Things change quickly when they change. This idea that America is an all-powerful nation is just an idea. It’s based on a myth. At one time that was true. We were a mighty nation. We did manufacture the goods that everyone wanted to buy. We were the lowest cost producer of manufactured goods. We had the most economic freedom. We had the lowest rates of taxes, the fewest regulations. We were a very free society… We built an incredible country based on those principles. We’ve abandoned those principles, and the wealth has been abandoned as well.”

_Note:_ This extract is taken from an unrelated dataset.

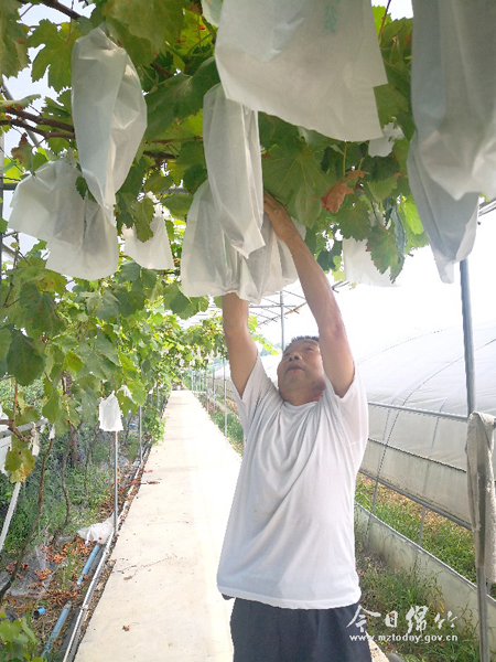 6月30日,艳阳高照,走进玉泉镇永宁村壹龙果园,满眼绿意扑面而来,一颗颗桃子在阳光下散发着诱人的色泽和果香。果园主人龙期述和父亲正在大棚里为一串串葡萄套袋,脸上的汗水掩饰不住即将丰收的喜悦。“前几天刚刚把蓝莓采摘完,这几天就忙着给葡萄套袋疏果。”见记者到来,龙期述摘下几颗蓝莓让记者品尝,伴随着沁甜的果香,龙期述讲起了他创建果园的坎坷之路。 返乡创业种果树 2013年之前,龙期述一直在外打工。2013年,源于对水果的喜爱,他决定结束在外的打工生活回家种水果。通过前期的市场考察,他把目光锁定在种植树莓上。2014年,龙期述在家乡永宁村流转了三亩多地开始试种起树莓,令他没想到的是,树莓虽然结了果,但口感很差,只适合用来深加工。就这样,盲目的跟种,导致龙期述第一次种植以失败告终。 随后他再次外出考察。在成都的一家蓝莓博览园参观时,龙期述了解到蓝莓的产量和效益都非常可观,管理上要求也不是特别高,他决定改种蓝莓。2015年,龙期述引进蓝莓种苗种了5亩多地的蓝莓。虽说对种植水果有着满腔热情,但实际操作起来却并不容易。因为缺乏技术,龙期述的蓝莓树不仅长不高,而且果实也很小。 一波三折终成功 连续两次失败,让龙期述这个水果种植的“门外汉”意识到,要种好水果技术是关键。随后,他采取走出去请进来的方式,先到蓝莓博览园跟老师拜师学艺,再把老师请到田间进行手把手指导。2018年,通过改良土壤、更换品种,龙期述重新试种了1亩多地的蓝莓。这一次,功夫不负有心人,改种后的蓝莓在今年迎来了初挂果,亩产达到700斤,而且结出的蓝莓品质很好,销售也很火爆。 通过种植蓝莓,龙期述逐渐琢磨出了一套水果种植经验,在爱上水果种植的同时,他也有了更多的想法。他觉得种植单一的水果,不仅利润低,抗风险能力也差,加之随着乡村游、采摘游的兴起,龙期述决定增加水果品种,扩大种植规模,打造复合型果园。随后他把种植面积扩大到50亩,又陆续种植了葡萄、火龙果、桃子、李子、车厘子、山楂、柠檬等水果。 一年四季能手摘 虽然在种植过程中,龙期述不时会遇到疏果、施肥、果树修剪等诸多问题,但通过他的虚心请教、总结摸索和勤劳的双手,水果种植慢慢走上了正轨。为了种出高品质的水果,龙期述始终坚持施用农家肥和生物复合肥,实行物理防治和生物防治相结合,全程按照自然规律进行栽培。从今年开始,龙期述果园里的各种果树陆续挂果,看着果园一年年变美,各种水果挂满枝头,他觉得前期的所有付出都是值得的。6年的汗水,当初从水果种植零开始的壹龙果园,如今已经成为一个有蓝莓、葡萄、桃子、山楂、柠檬等20多个水果品种的采摘庄园。在果园不断发展壮大的同时,龙期述还解决了周边20多名村民务工,让乡亲们在家门口实现就业增收。 谈到未来的发展,龙期述信心满满。他打算继续扩大果园种植规模,增加配套产业和设施,让消费者在果园一年四季都能采摘到新鲜水果。

Highlights from the interview:

Matt Welch: We’ve been at zero interest rates now for seven years. Anything that happens for seven years, does it not, almost by definition – especially if it’s a historically unusual thing – doesn’t that automatically create a bubble?

Peter: It has created a bubble. In fact, I think it is an enormous bubble. The reason interest rates have been at zero for so long, is because I think the Fed is cognizant of this, even though they don’t admit it publicly. Which is why they’re so reluctant to raise rates – even to a quarter of a percent, or half a percent… If you can go back and recognize how much damage Alan Greenspan did by keeping rates at one percent for about a year and a half and then slowly raising them back up to five and a quarter over a year and a half period – that’s what really inflated the housing bubble and lead to the financial crisis of 2008, trying to resolve the malinvestments that were the by-products of that monetary policy. Think about how that bad was. Now imagine how much worse it’s going to be, because the problems that Greenspan created will pale in comparison to the ones that Bernanke and Yellen have created. When this bubble bursts, the fallout is going to be much bigger.

Matt: Where do you see the bubbles as a result in the market right now?

Peter: The bubbles are pretty much everywhere. They’re in all financial assets. They’re in the stock market, they’re in the bond market, they’re in the real estate market, they’re in the US dollar. That could be the mother of all bubbles, and that might be the first one to pop. In order to keep all the other bubbles full of air, the Fed has to keep interest rates at zero. I think they’re about to launch a fourth round of quantitative easing. Everybody just assumes the Fed is going to raise rates. That’s not going to happen…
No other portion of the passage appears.